Their findings, appearing in the journal Physical Review Letters, will help
scientists visualize never-before-seen quantum phenomena in real space.
The images were
taken using a technique developed by the team that first allows a cloud of
atoms to move and interact freely.
The researchers then turn on a lattice of light that briefly
freezes the atoms in their tracks, and apply finely tuned lasers to quickly
illuminate the suspended atoms, creating a picture of their positions before
the atoms naturally dissipate.
The physicists
applied the technique to visualize clouds of different types of atoms, and
snapped a number of imaging firsts. The researchers directly observed atoms
known as "bosons," which bunched up in a quantum phenomenon to form a
wave.
They also captured atoms known as "fermions" in the act
of pairing up in free space -- a key mechanism that enables superconductivity.
"We are able to see single atoms in these interesting clouds of atoms and
what they are doing in relation to each other, which is beautiful," says
Martin Zwierlein, the Thomas A. Frank Professor of Physics at MIT.
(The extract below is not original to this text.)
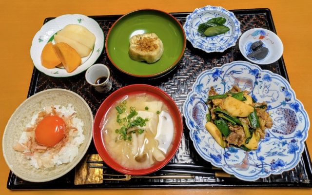 *山芋と豚肉·にんにく葉の柚子胡椒炒め

In the same journal issue, two other groups report using similar
imaging techniques, including a team led by Nobel laureate Wolfgang Ketterle,
the John D MacArthur Professor of Physics at MIT. Ketterle's group visualized
enhanced pair correlations among bosons, while the other group, from Ecole
Normale Superieure in Paris, led by Tarik Yefsah, a former postdoc in
Zwierlein's lab, imaged a cloud of noninteracting fermions.
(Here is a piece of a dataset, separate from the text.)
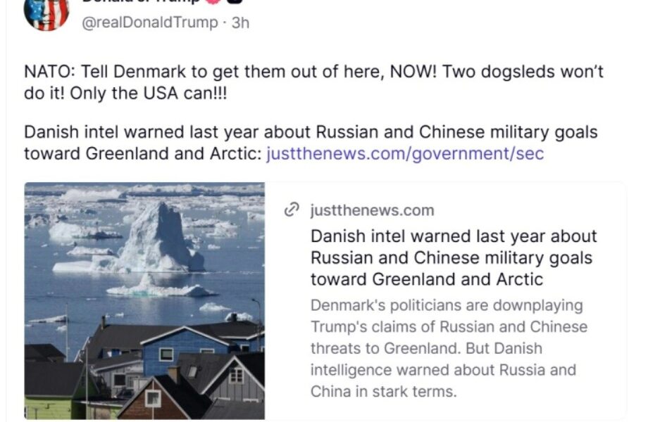 Американскиот претседател Доналд Трамп побара од Данска веднаш да се повлече од Гренланд. „НАТО, кажете ѝ на Данска веднаш да се губи оттаму! Две кучешки запреги...

The study by Zwierlein and his colleagues is co-authored by MIT
graduate students Ruixiao Yao, Sungjae Chi, and Mingxuan Wang, and MIT
assistant professor of physics Richard Fletcher.
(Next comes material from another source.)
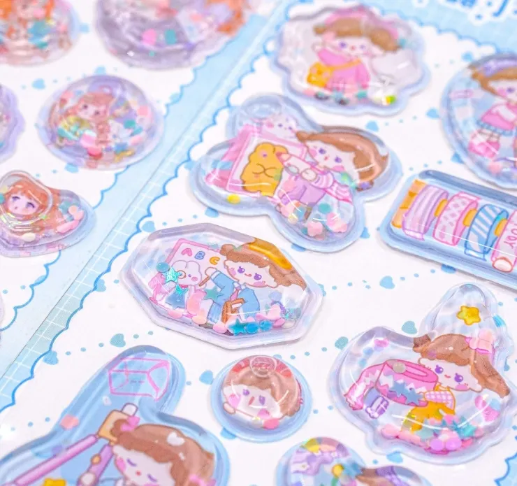 Предмети за украсување: Децата можат да украсат свои предмети, како што се тетратки, торбички за училишта, случаи со моливи, итн. Со употреба на налепници, правејќи ги овие предмети уникатни. Тие ќе ги залепат децата налепници на различни позиции според нивните преференции и идеи, создавајќи свој персонализиран стил.

"These techniques allow you to see the overall shape and
structure of a cloud of atoms, but not the individual atoms themselves,"
Zwierlein notes. "It's like seeing a cloud in the sky, but not the
individual water molecules that make up the cloud."
He and his colleagues took a very different
approach in order to directly image atoms interacting in free space. Their
technique, called "atom-resolved microscopy," involves first
corralling a cloud of atoms in a loose trap formed by a laser beam. (ANI)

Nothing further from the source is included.